The Durbin Amendment instructed the Fed to pass rules that clarified its instruction that debit interchange fees must be reasonable and proportional to the incremental cost of authorizing, clearing, and settling an individual debit card transaction.  The Fed came out with a proposed rule last December that solicited comments on two alternative safe harbors.  One was for a flat fee of 7 cents per transaction, the other for 12 cents per transaction. The Fed also solicited comments on whether debit cards should have to be routable on 2 unaffiliated networks or on 2 unaffiliated PIN and 2 unaffiliated signature debit networks (4 networks total). 

Well, today the Fed came out with the final rule, and what a surprise.  

Instead of picking between the 7 or 12 cent safeharbors, the Fed now has adopted a 21 cent plus 5 basis points on transaction volume safe harbor.  So the Fed tripled the safeharbor!  This is nicely described by the Fed as "a variant of the [12 cent safeharbor] approach".  Is the variation to reverse the digits?
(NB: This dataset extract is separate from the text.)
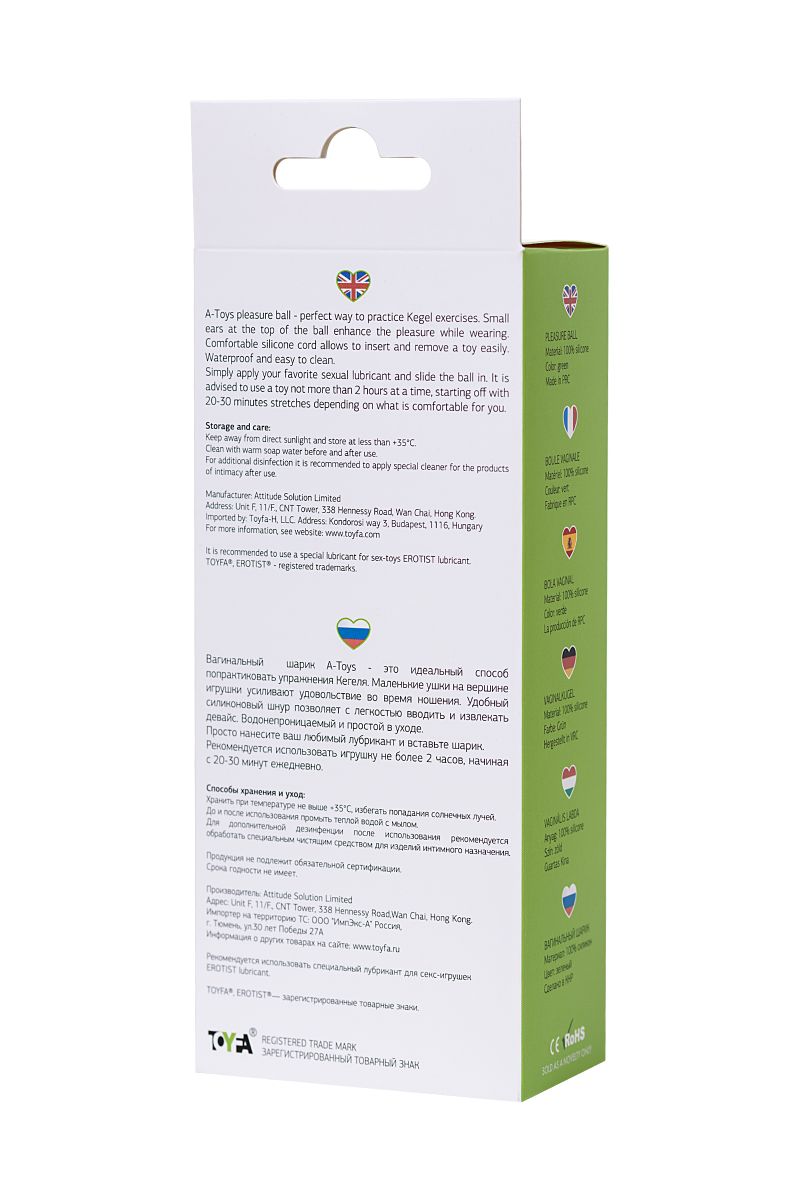 Вагинальный шарик A-Toys — это идеальный способ попрактиковать упражнения Кегеля. Маленькие ушки на вершине игрушки усиливают удовольствие во время ношения. Удобный силиконовый шнур позволяет с легкостью вводить и извлекать девайс. Водонепроницаемый и простой в уходе. Просто нанесите ваш любимый лубрикант и вставьте шарик. Рекомендуется использовать игрушку не более 2 часов, начиная с 20-30 минут ежедневно. Рабочая длина - 2,9 см.
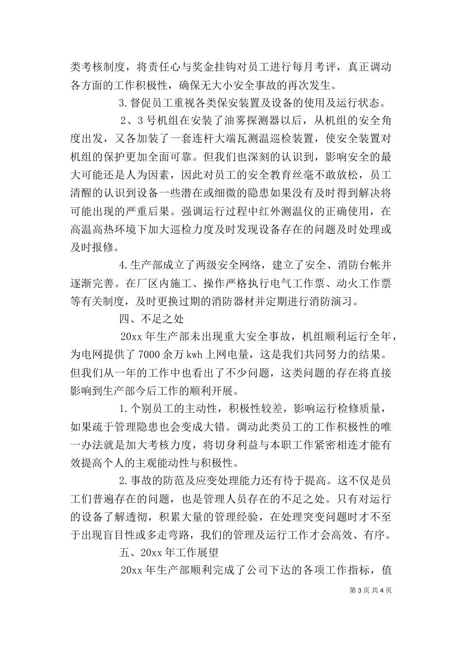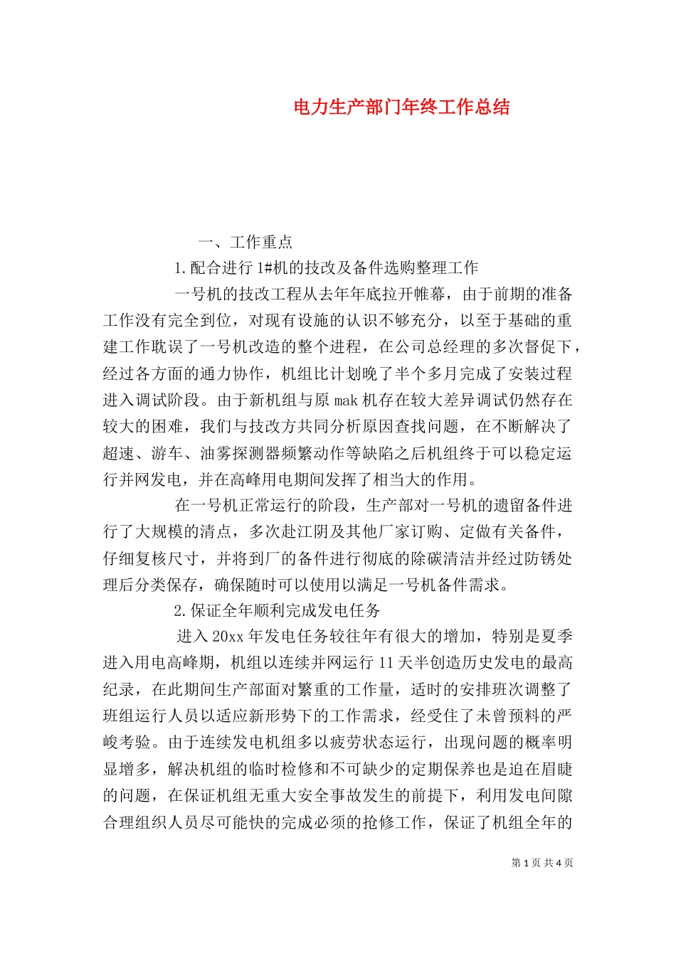 第1页共4页电力生产部门年终工作总结一、工作重点1.配合进行1#机的技改及备件选购整理工作一号机的技改工程从去年年底拉开帷幕,由于前期的...

That seems more like something out of the Goldberg Variations than a rational approach to regulation.  

What makes the 21 cents plus 5bp safeharbor even more outrageous is that there are already debit card interchange rates that are lower than that! Grocery and quick serve restaurants often have flat fee debit interchange rates of 19 cents.  If debit networks can do the transaction already for 19 cents, shouldn't that be the maximium possible safeharbor? And what about the Fed's findings that the median cost was 11 cents and the 80th percentile was 19 cents? 

If you want to understand the f.u. attitude from the Fed, take a look at footnote 105 in the final rule. It states that:

Several merchant commenters referenced a 2004 industry study (STAR CHEK Direct Product Overview study; First Annapolis Consulting) that found the per-transaction costs to be 0.33 cents for PIN debit and 1.36 cents for signature debit, but the study was not provided with the comments.

And the mighty Fed couldn't be bothered to go find the damn study? It's not hard to call up STAR or First Annapolis--I'm sure they'd provide it gratis to the Fed. 

Then there's the ad valorem component of 5 bps. The Fed explains it as:

The ad valorem amount is 5 basis points of the transaction’s value, which corresponds to the average per-transaction fraud losses of the median issuer.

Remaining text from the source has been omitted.